Broadcaster Hilary Barry has taken a swipe at Hannah Tamaki after the Destiny Church co-leader shunned controversy around the Tamaki family's travels during level 3 and added that she would not take the Covid-19 vaccine.
Taking to social media, Hilary Barry wrote that "Jesus would get the jab", hitting at the Christian values that the Tamaki couple say they stand for.
On Instagram, in the caption accompanying her image, Barry wrote: "An alternative Christian perspective for Hannah Tamaki's followers".
She sent a similar message out to her Twitter followers, where she bet $100 that Jesus would get the Covid vaccine.
Barry's social media followers agreed with her sentiment.
"Jesus would take the church collection turn it into vaccines and vaccinate the lepers, homeless, sex workers and blind," one person commented on Instagram.
"Amen, sister," echoed others.
Hannah Tamaki, who "escaped" Auckland with her husband on the eve of the latest Covid lockdown, has attacked her critics and declared she will not be getting the vaccine.
The Destiny church leader and aspiring politician has this morning lashed back at critics who have lambasted the couple's decision to leave their home with just hours to spare before the city's borders were closed to curb the spread of the latest community outbreak in South Auckland.
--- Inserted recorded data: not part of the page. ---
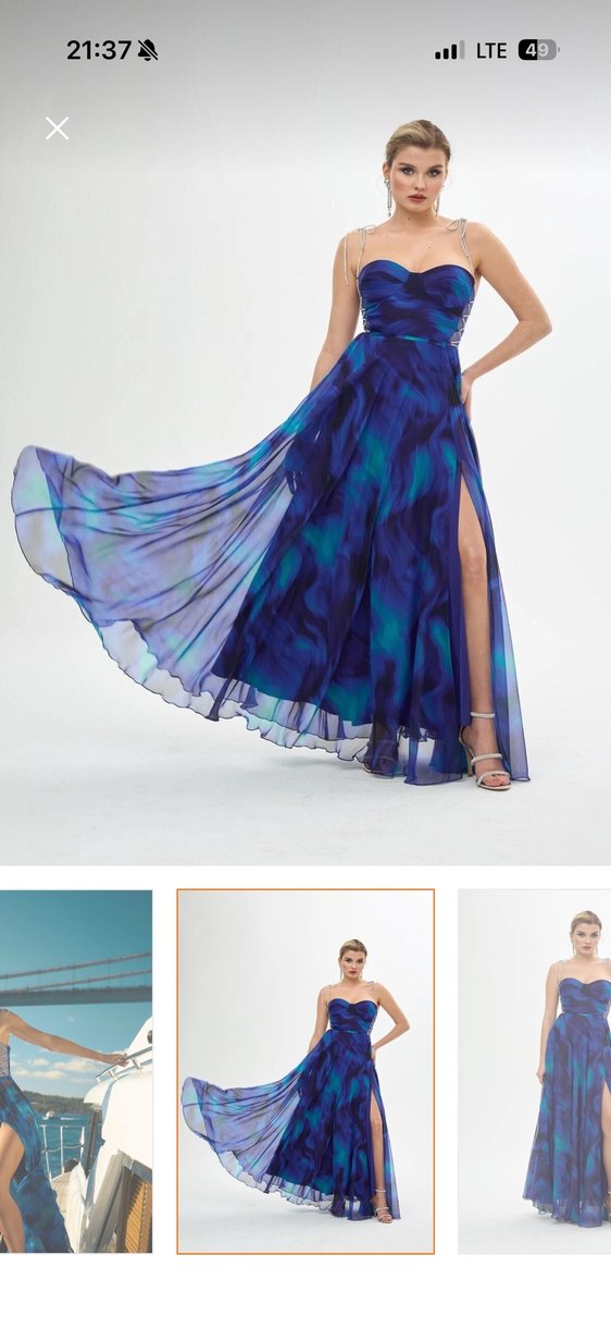 Uzun mavi abiye elbise, straplez yaka ve ince askılarla, sıkı kesim ve drapeli batik desenle tasarlanmıştır. Parti için modern ve göz alıcı bir seçim.
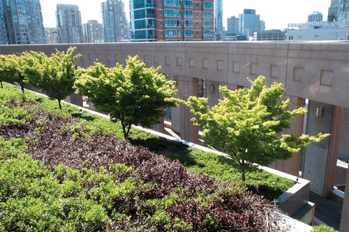 Najveći severnoamerički zeleni krov u poslednjih pet godina jeste onaj na Vankuver kongresnom centru u Kanadi. Pored toga što je veoma veliki, skoro 25.000 metara kvadratnih, zeleni krov je takođe sastavni deo ukupne ekološke misije projekta – LEED Platinum rejtinga. U suštini, on stvara jedan ekosistem primorskog travnjaka koji je tipičan za severozapad američ-kog kontinenta. „Projekat živog krova jeste ambiciozan u integrisanju u širu ekologiju i pejzaž vankuverske obale“, kaže Mark Redington (Mark Reddington) iz biroa LMN Architects. „On je dovoljno veliki da smesti jedan ekosistem. Postoji niz različitih vrsta biljaka, kao i ptica, poljskih miševa i ostalih životinja koji žive tamo. On je takođe dom za 250.000 pčela u košnicama, čiji med se sakuplja i služi u objektu.“
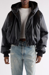 Accentuated by dropped shoulders and voluminous sleeves, an oversized silhouette defines this hooded bomber jacket cut from faux leather that offers all the supple swagger of the real deal. Two-way front-zip closure Fixed hood Ribbed cuffs Side-seam pockets Lined, with 100% polyester fill 100% polyester with polyurethane coating Spot clean Imported Designer Clothing
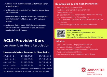 ACLS-Provider-Kurs der AHA | Mannheim | 26. Juni 2026 - 27. Juni 2026
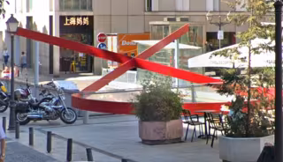 El lazo rojo que conmemora la respuesta al VIH-Sida en el Estado Español ubicado a la entrada del aparcamiento subterráneo de la Plaza Pedro Zerolo permanecerá en este enclave una vez finalicen las obras de remodelación del espacio, previstas para este verano tras finalizar el Orgullo.
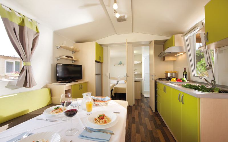 Mobilne hišice: kopalnica, prha, sušilnik za lase, kuhinjska niša, hladilnik, klimatska naprava (centralna regulacija), zaključno čiščenje, balkon ali terasa, TV, dvojna postelja, pečica, mikrovalovna pečica, aparat za čaj/kavo
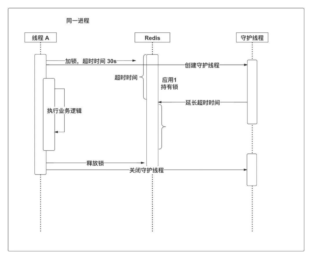 加锁成功后,同时创建一个守护线程。守护线程将会定时查看锁是否即将到期,如果锁即将过期,那就执行 EXPIRE 等命令重新设置过期时间。
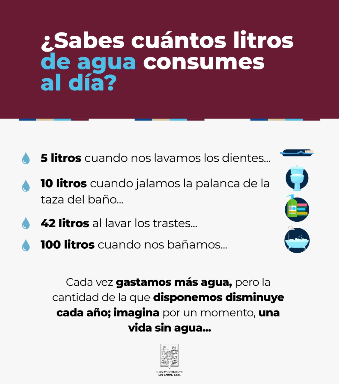 Por tal motivo exhortan a la ciudadanía a crear conciencia y contribuir en el buen uso del vital líquido, a fin de garantizar que la población disponga de un mejor servicio, ya que al cambiar los hábitos cotidianos se ahorrarían miles de litros que se pueden aprovechar para las colonias e instituciones públicas a las que se les suministra gratuitamente el agua.
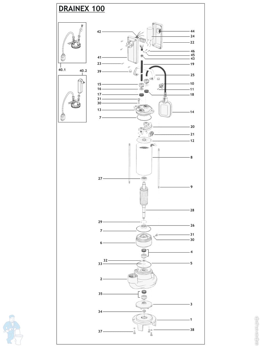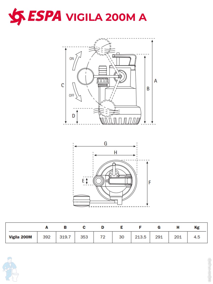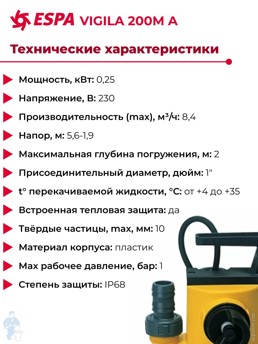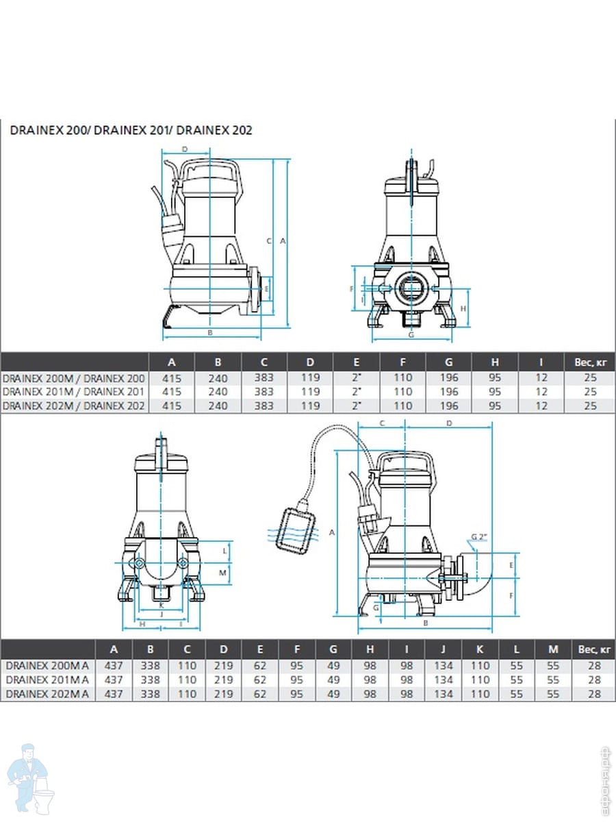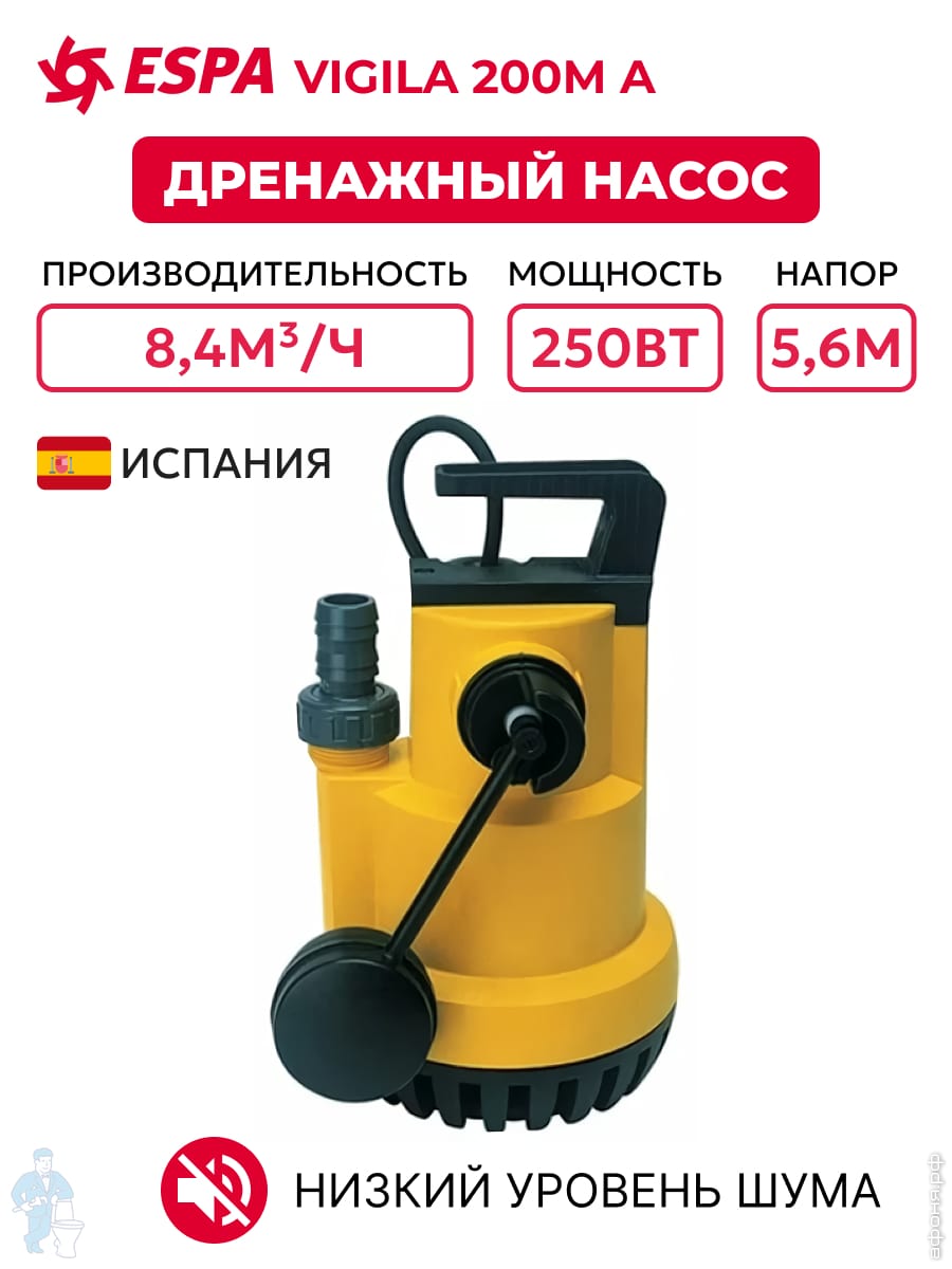 Погружной дренажно-фекальный насос с поплавком ESPA Drainex 202M A центробежный одноступенчат. 96676Код: 24062
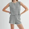Side Tie Detail Knit Vest and Shorts Set – Gray
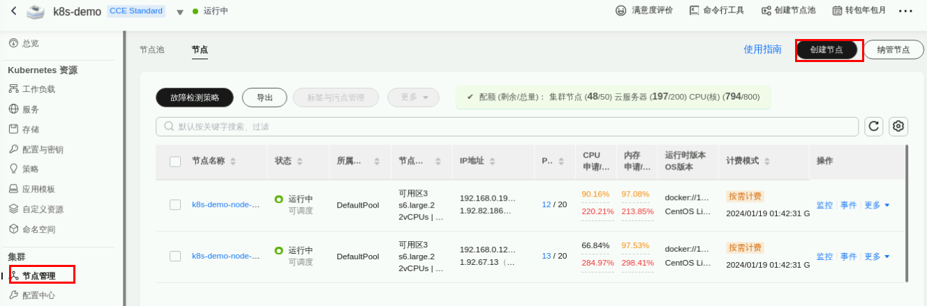 ➤ 步骤 4 返回华为云CCE控制台,选择资源管理>节点管理,单击购买节点。

It's a stance that's troubled a leading vaccinologist who says not only is the church leader's stance ill-conceived but could result in a lot of damage.
Covid Response Minister Chris Hipkins today said vaccination wasn't compulsory and people were free to choose.
He personally would be getting vaccinated, trusting the science and need to do so.
The Tamakis sparked outrage when it was revealed they hurriedly left Auckland late on Saturday night for a speaking tour of their churches across New Zealand.
They addressed a congregation in Rotorua on Sunday morning before heading to the South Island. They are due to speak in Invercargill this weekend and were spotted in Te Anau on Tuesday.
Yesterday Hipkins called their actions "completely irresponsible".
But in a Facebook post this morning the Vision NZ leader said they had nothing to apologise for.
"We are not the ones to say sorry. The media need to apologise to our people, calling them poor and less intelligent and need to have the Covid vaccine.
"Everything in life is a choice. Make sure you choose for yourself, not be talked into something you are not happy to do.
"I'm not taking the vaccine. That's my choice."
But vaccine safety expert advisory group member Helen Petousis-Harris said the pronouncement was disappointing and most unhelpful.
"It is extremely harmful.
"It's also ill-conceived and can result in a lot of damage.
"These people are highly respected in their community and they should be basing their communications on good trustworthy information, not misinformation."
Petousis-Harris said church leaders in the past had been fabulous voices for public health and helping to keep their congregations safe.
She advised those in the congregations to listen and seek advice from family doctors about the Covid vaccine.
Epidemiologist Professor Michael Baker said these people were leaders in their community and with leadership came real responsibility.
While vaccination was voluntary, advising others the fact that you weren't having it would clearly influence people.
"Your point is not to remind people it's a personal choice, the point is to make a stand that you've decided not to take a vaccine and when you're in leadership position that's clearly going to have an influence on people."
Baker said it was an unfortunate position to take given the nature of this virus.
"We know what the impact of Covid-19 would be if there was widespread infection in South Auckland for instance, where they're based. Māori and Pacific leaders are saying the opposite. They're urging their communities to vaccinate and, in fact, not only that but they are encouraging it to be prioritised highly."
Director-general of health Dr Ashley Bloomfield today commented on the Tamaki family' travels, after Brian Tamaki was spotted in Te Anau.
"Well he does get around, doesn't he?" Bloomfield said in the 1pm press conference.
"The request of them has been clear, they should be minimising their interaction with large groups of people," he added.
Bloomfield says he is confident Government has a "really powerful narrative" and "New Zealanders will take up the opportunity and make the decision themselves" regarding the vaccine.